■ TASK GOAL
Where does the word "Depot" occur in the data below? Copy each line that holds it.
EXERCISE MATERIALS: Begin
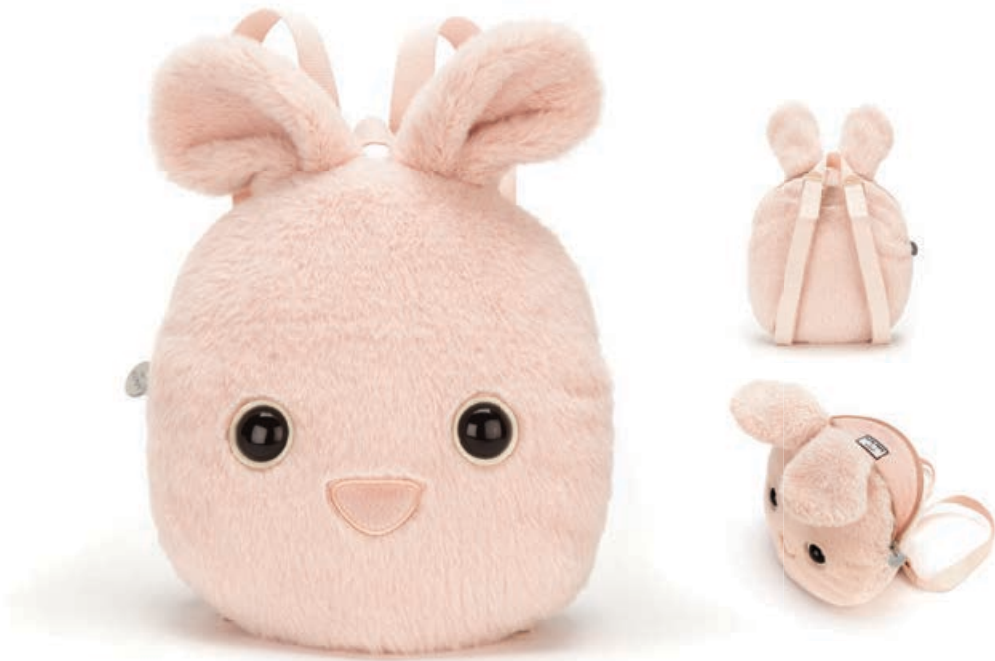
BUNNY BACKPACK KUT4BBP 22 x 26 x 10cm
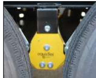
Optional Equa-Flex® Suspension
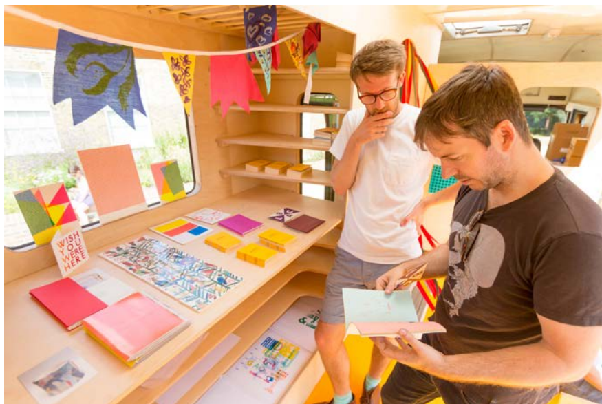
Inside ELMO, designed by Studio Weave and Nous Vous
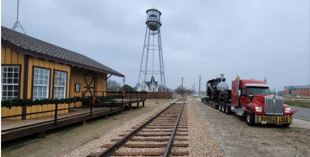
Above: Arriving at Anna Depot and Museum.

Below are various scenes of 201 arriving and being prepared to be unloaded near the Anna Depot.
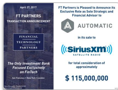
Automatic's $115 million Sale to SiriusXM
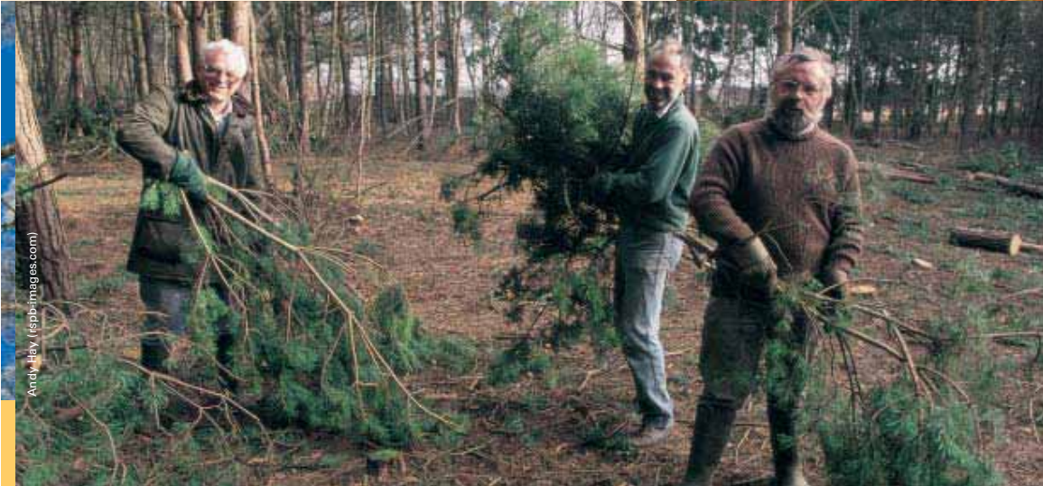
Andy Day (rspb-images.com)
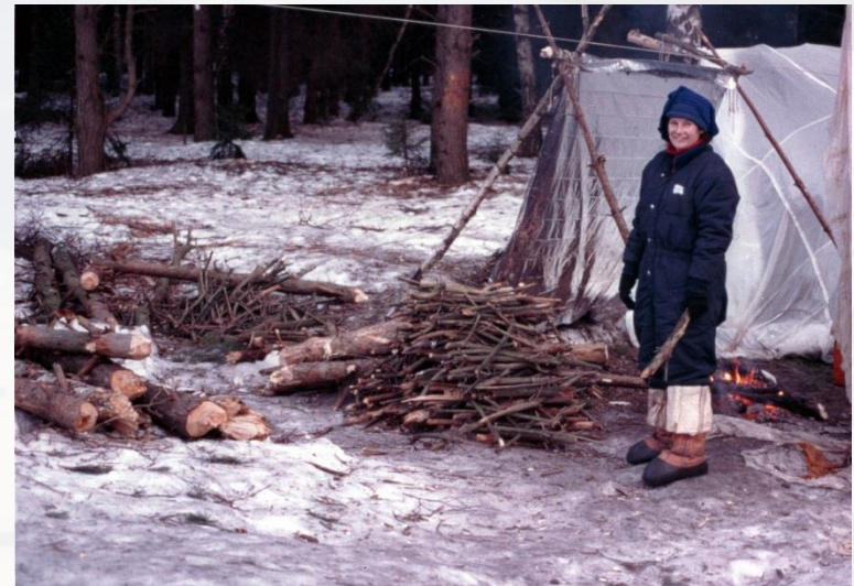
Photo courtesy of Defence Images and bisgovuk (@flickr.com) - granted under creative commons licence— attribution
EXERCISE MATERIALS: End
■ EXERCISE RESULT
Above: Arriving at Anna Depot and Museum.
Below are various scenes of 201 arriving and being prepared to be unloaded near the Anna Depot.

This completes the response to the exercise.